Here are the main takeaways from the event for me:
- There is a **concerted movement “up the stack” to deal better with semantics** and higher-order data like social connections and networks. Vendors touting speeds and feed are still around but more companies see that as the commodity that it is. Many of the companies plying this part of the data stack are private but both **Qlik (QLIK $26.16)** and recent-IPO **Varonis (VRNS $33.39)** are two companies at least touching some of the right parts of the market.
- Data scientists are still in short supply and running projects at scale is still hard. But the **bigger governor on growth may be leaders who really “get data” as their primary method of developing business**. For example private companies like Uber and AirBnB are clearly leveraging data in a profound way relative to their competition. Another recently-public name, **Zulily (ZU $51.43)**, has implemented personalization at a whole new level by customizing web and email content dynamically at the individual user level. We expect everyone will want or need to do this soon.

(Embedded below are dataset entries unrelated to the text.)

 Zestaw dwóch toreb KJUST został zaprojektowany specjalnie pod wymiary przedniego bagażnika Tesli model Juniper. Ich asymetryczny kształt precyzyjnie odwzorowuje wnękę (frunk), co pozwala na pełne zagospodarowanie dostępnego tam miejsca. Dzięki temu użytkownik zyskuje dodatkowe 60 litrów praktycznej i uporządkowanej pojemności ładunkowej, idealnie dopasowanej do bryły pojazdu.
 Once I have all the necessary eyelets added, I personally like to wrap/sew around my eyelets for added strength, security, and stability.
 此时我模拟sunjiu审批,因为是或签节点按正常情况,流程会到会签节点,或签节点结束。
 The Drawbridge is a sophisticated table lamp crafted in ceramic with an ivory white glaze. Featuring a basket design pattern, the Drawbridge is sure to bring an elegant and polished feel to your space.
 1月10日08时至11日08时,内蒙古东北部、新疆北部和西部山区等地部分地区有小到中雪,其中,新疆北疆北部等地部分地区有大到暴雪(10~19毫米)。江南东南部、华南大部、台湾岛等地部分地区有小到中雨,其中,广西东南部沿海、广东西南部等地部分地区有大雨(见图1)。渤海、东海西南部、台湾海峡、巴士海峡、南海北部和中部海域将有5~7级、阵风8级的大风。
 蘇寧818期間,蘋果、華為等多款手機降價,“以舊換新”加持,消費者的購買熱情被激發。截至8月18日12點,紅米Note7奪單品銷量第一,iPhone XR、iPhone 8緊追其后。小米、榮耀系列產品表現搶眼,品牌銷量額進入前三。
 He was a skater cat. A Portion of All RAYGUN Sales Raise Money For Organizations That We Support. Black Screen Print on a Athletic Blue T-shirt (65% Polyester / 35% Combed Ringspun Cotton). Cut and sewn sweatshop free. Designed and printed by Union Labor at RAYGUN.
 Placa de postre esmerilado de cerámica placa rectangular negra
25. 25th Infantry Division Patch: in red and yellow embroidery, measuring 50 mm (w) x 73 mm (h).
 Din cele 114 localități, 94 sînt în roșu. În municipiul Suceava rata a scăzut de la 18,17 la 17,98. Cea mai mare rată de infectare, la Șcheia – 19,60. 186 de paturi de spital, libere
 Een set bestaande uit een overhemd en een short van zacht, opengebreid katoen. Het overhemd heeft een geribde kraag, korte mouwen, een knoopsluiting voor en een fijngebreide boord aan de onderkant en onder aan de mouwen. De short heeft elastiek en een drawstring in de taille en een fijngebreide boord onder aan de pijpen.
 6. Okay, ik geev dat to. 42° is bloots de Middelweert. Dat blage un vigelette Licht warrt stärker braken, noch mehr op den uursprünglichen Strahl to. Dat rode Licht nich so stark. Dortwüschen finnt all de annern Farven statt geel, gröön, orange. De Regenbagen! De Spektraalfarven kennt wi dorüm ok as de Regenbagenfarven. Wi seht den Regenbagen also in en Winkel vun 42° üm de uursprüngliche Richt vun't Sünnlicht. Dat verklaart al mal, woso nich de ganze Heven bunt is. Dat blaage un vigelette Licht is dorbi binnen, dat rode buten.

- The **need for speed is shifting from server-based processing to the client side**. It might *sound* obvious but this one is big. Your iPhone and Galaxy already have a lot of processing power, wait another few years and imagine what you’ll be carrying around. One private company, New Relic, is generalizing their application analytics to a more full stack offering and adding more “intelligence” to the feature set. It calls into question how modern the hyped **Splunk (SPLK $66.36)** platform is and whether or not they deserve their $8B market value (on $405M in estimated revenues for 2014.)
- Subsegments like visualization from leaders like **Tableau Software (DATA $71.81)** continue to get strong interest but we remain convinced that few if any really solve the collaboration challenge in working with data and decision making. There’s still **too much “wizard” mentality in the use cases**.
Our confidence in the market needing much better “small data” tools has gone up further after this event. We know from our own recent development efforts that very valuable intelligence is available with relatively simple but highly integrative processing methods. In talking about it with others we definitely saw lights go on but all of them said they’d be unable to pursue it because it was too far from their core product which aimed more at size, scale and diversity of data.
Some of the infrastructure needed to enable these new applications is forming from a variety of slightly unlikely sources including cloud storage vendors like Dropbox, simple automation platforms like Zapier, non-relational information storage tools like MongoDB and alternative cloud-based development frameworks like Meteor.